Una nuova nuvola Google Drive: come sei e come ti vorrei

Google ha lanciato il suo nuovo servizio, Drive! Purtroppo, per ora, non è che un'evoluzione di Docs. Anzi, un rebrand di Docs, con l'espansione dello spazio da 1GB a 5GB, con un nuovo nome e un nuovo logo.

Esiste il client per la sincronizzazione dei files direttamente dal proprio PC (come per Dropbox), peccato che non sia stata ancora rilasciata la versione per Linux.

Questa mancanza (non certo di poco conto) non mi ha consentito di provare a pieno le potenzialità offerte da Drive, ma ho letto in giro alcune features interessanti.

La più importante è senza dubbio la disponibilità di ripristinare una revisione precedente di un documento. Non solo dell'intero file, ma anche di tutte le modifiche interne apportate negli ultimi 30 giorni.

Drive e il mobile
Un segno di evidente continuità tra Docs e Drive è dato dal fatto che l'applicazione per Android non è altro che un aggiornamento di Google Docs. Purtroppo soffre ancora di qualche mancanza, una tra tutte è l'impossibilità di creare cartelle da mobile.

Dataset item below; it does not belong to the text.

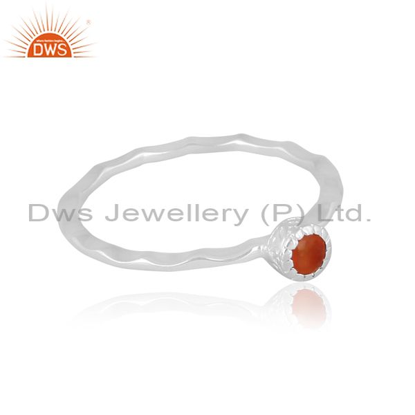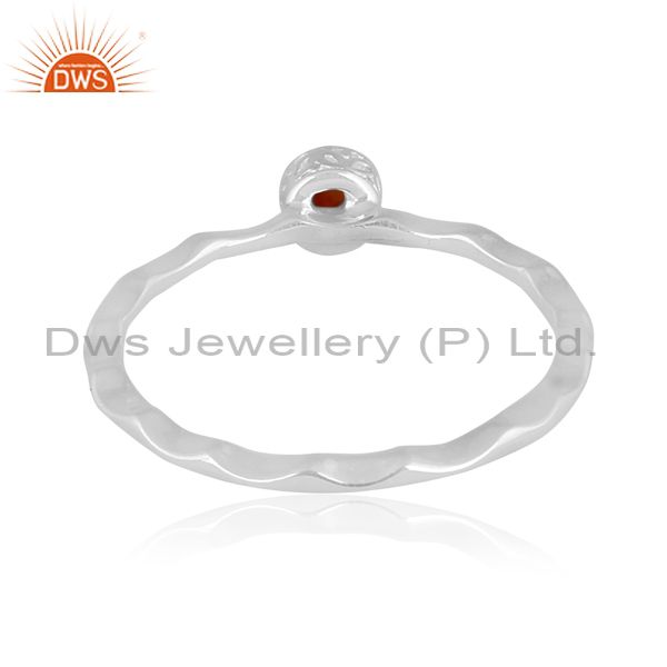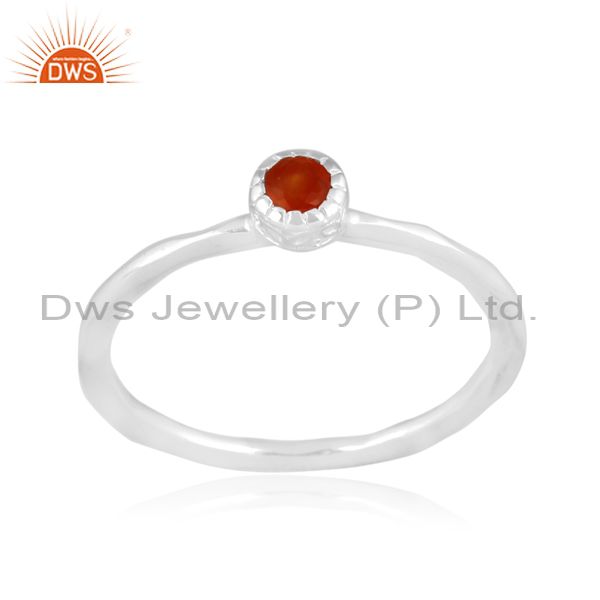 Round Cut Carnelian Set Fine 925 Silver Handhammered Ring

Un'ulteriore miglioria potrebbe esserci sulla gestione dei documenti offline. Al momento non è possibile creare un nuovo documento se non si dispone di una connessione internet.

Cosa potrebbe diventare Drive?
Google Drive potrebbe essere il centro di archiviazione per gli utenti di Google. Sarebbe utile un'integrazione in Drive di tutti i servizi di Big G.

Ad esempio, sarebbe comodo caricare file audio su Drive e ritrovarli in Google Music. Oppure poterli ascoltare direttamente tramite un player integrato.

Si potrebbe gestire l'archivio di Picasa dal nuovo storage virtuale. Immagini e foto sarebbero caricabili su Drive e visionabili da Picasa.

Sarebbe possibile una bella espansione di YouTube. Si potrebbero caricare video direttamente da Drive e condividerli dal famoso servizio video. Ovviamente sarebbero visibili inizialmente solo all'utente proprietario dei file, per essere successivamente resi pubblici o visibili solo a determinati contatti presenti su Google+.

Proprio con il social network di Mountain View potrebbe esserci un'ultima importante integrazione. Manca, al momento, la possibilità di condividere documenti con le proprie cerchie.

Strano che non sia presente ancora questa funzione, visto che a Google puntano davvero molto su Plus!